__DATA EXTRACT__
◆ ◆ ◆ ◆

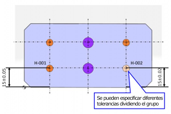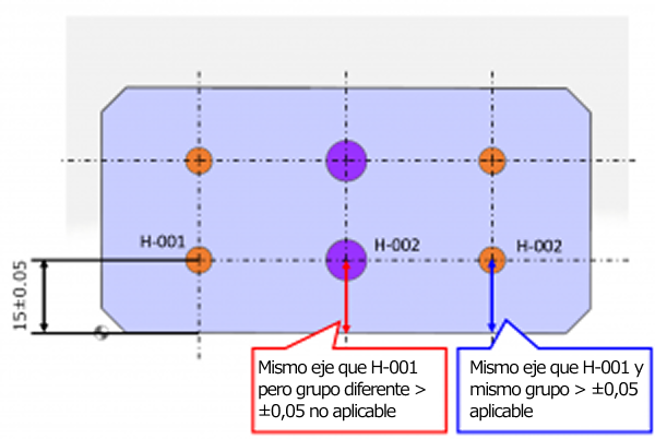 Por ejemplo, si se especifica una tolerancia dimensional para H-001, las tolerancias dimensionales también se aplicarán a H-002, que se encuentra en el mismo eje y en el mismo grupo.
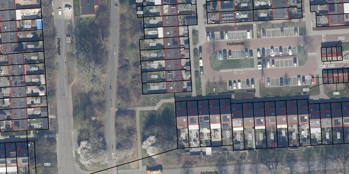 Gebruik de zoekbalk of klik op een perceel voor informatie over de adressen binnen dit perceel.
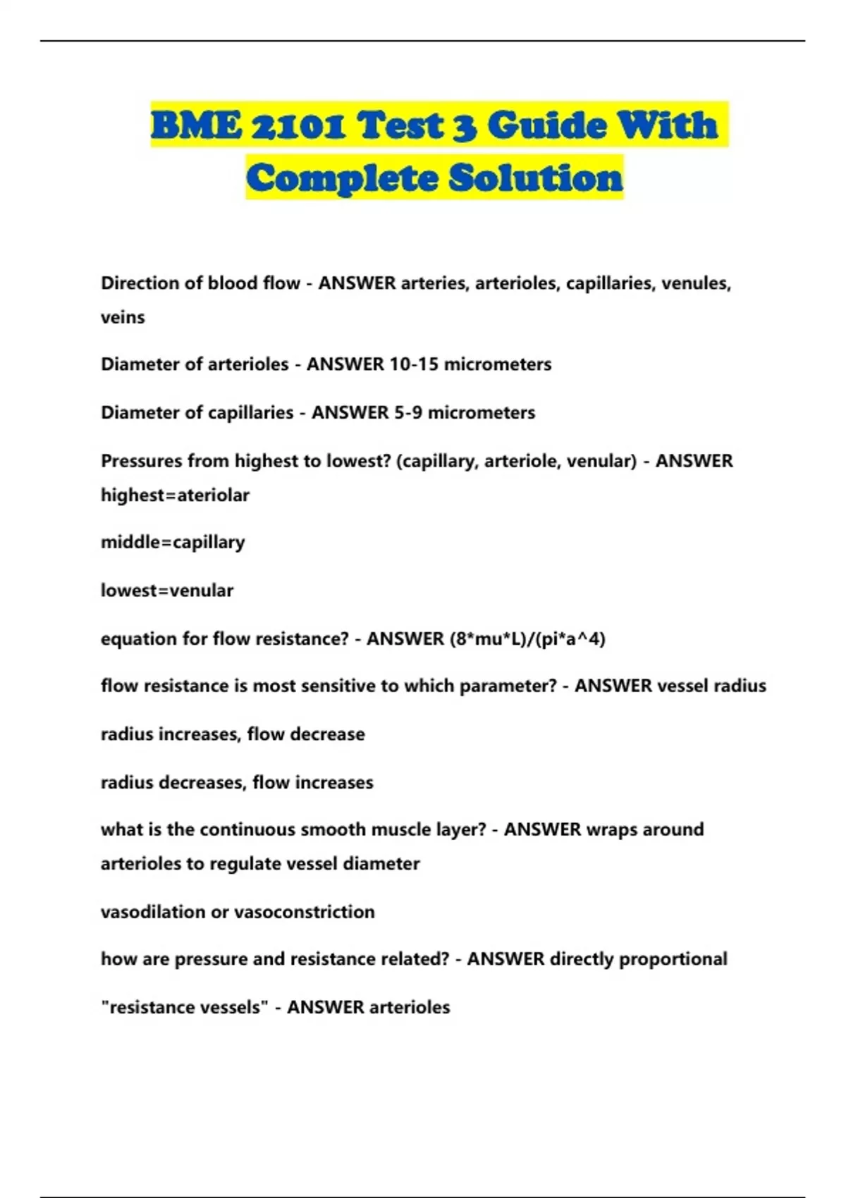flow resistance is most sensitive to which parameter? - ANSWER vessel radius

◆ ◆ ◆ ◆

__WHAT IS REQUIRED__
Please return the lines above exactly, with the pictures omitted.

__ANSWER TO THIS PROBLEM__
 Por ejemplo, si se especifica una tolerancia dimensional para H-001, las tolerancias dimensionales también se aplicarán a H-002, que se encuentra en el mismo eje y en el mismo grupo.
 Gebruik de zoekbalk of klik op een perceel voor informatie over de adressen binnen dit perceel.
flow resistance is most sensitive to which parameter? - ANSWER vessel radius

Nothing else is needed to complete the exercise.